Product Review: IBM Watson Studio AutoAI

Warning: this content is older than 365 days. It may be out of date and no longer relevant.

Product Review: IBM Watson Studio AutoAI

Today, we’re reviewing IBM Watson Studio’s new AutoAI feature.

FTC Disclosure: My company, Trust Insights, is an IBM Registered Business Partner. We receive compensation for any purchases you make through us from IBM and thus I receive indirect financial benefit.

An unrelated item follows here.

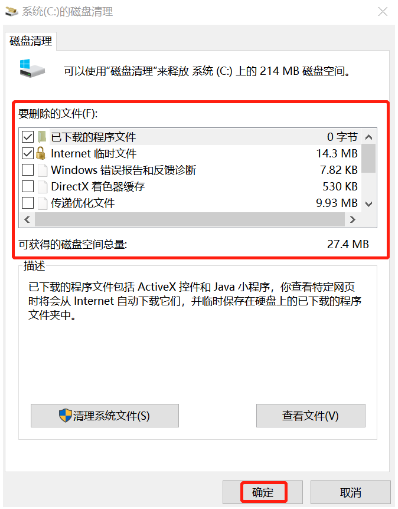 3、这里即可选择需要删除的文件进行【确定】,耐心等待清理c盘完成即可。
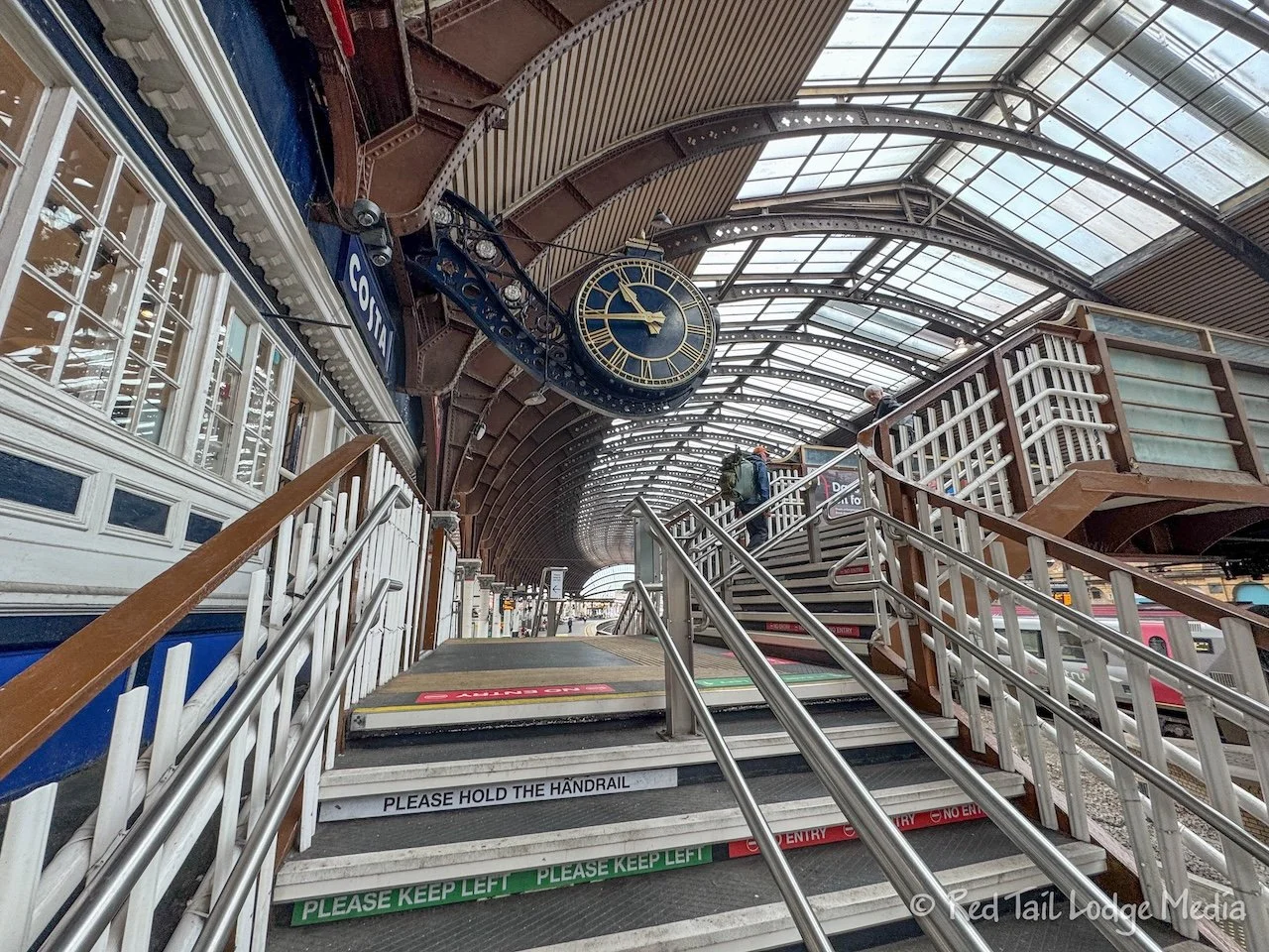 It was a short walk to the train station. Check out was at 10:30 am and our train was scheduled for 11:54, so we had some time to hang out at the station. When we arrived at the station, the boards said our train was going to be leaving from Platform 3, so we sat down on a bench on the platform. When we checked the boards a little later, the platform had changed to 5A. So we picked up our bags and headed over to Platform 5A. Around 11:30 am, Ann got up to stretch her legs and checked the boards again. They had moved our train back to Platform 3. So again, we picked up our bags and walked over the bridge to Platform 3. Thankfully, this was the last platform change. We were glad that Ann checked the boards that one last time.

AutoAI is a type of automated machine learning, which promises to help companies get to working machine learning models faster. How well does it live up to this promise? Watch the video for a full review.

Key features:

  • Regression and classification
  • No code
  • Does basic data science tasks like feature extraction and hyperparameter optimization


  • Limited in the number of models it can choose from
  • Data must be good going in
  • Model can’t be edited yet in a more granular way

Product Review: IBM Watson Studio AutoAI

Can’t see anything? Watch it on YouTube here.

Listen to the audio here:

Download the MP3 audio here.

Machine-Generated Transcript

What follows is an AI-generated transcript. The transcript may contain errors and is not a substitute for watching the video.

In today’s episode we are reviewing the IBM Watson studio new feature called auto AI or auto automated artificial intelligence. Now, before we begin full FTC disclosure is my company trust insights is an IBM registered business partner. We receive compensation for any purchases you make from IBM through US and US I receive indirect financial benefits. So FTC closures disclosures out of the way, auto AI is a type of automated machine learning which promises to help companies get to working artificial intelligence models faster given the data set, instead of the time it takes to go from data cleaning, prep, feature engineering, hyper parameter, optimization, model experimentation, and then to production that can depending on your data set, take a really long time.

By the way, I promises to help companies do that in less time. Now, before we begin, there are both features and disadvantages of this approach. There is even though it can be very manual and tedious, there is some benefit. I’ve actually personally, there’s a ton of benefit to manually editing and cleaning your data set of

and doing the feature engineering because it helps you get to know your data. And so if it’s something as mission critical, at least the first time through, you want to have a human do that after that, absolutely use automated machine learning. And one of the questions that people have had over over the last few months is, you know, will this replace data scientists know, and we’ll talk a bit more about that. But it’s not going to replace data scientists anytime soon. It will help data scientists workload get a little bit easier for the most common types of machine learning models. So let’s get into the environment.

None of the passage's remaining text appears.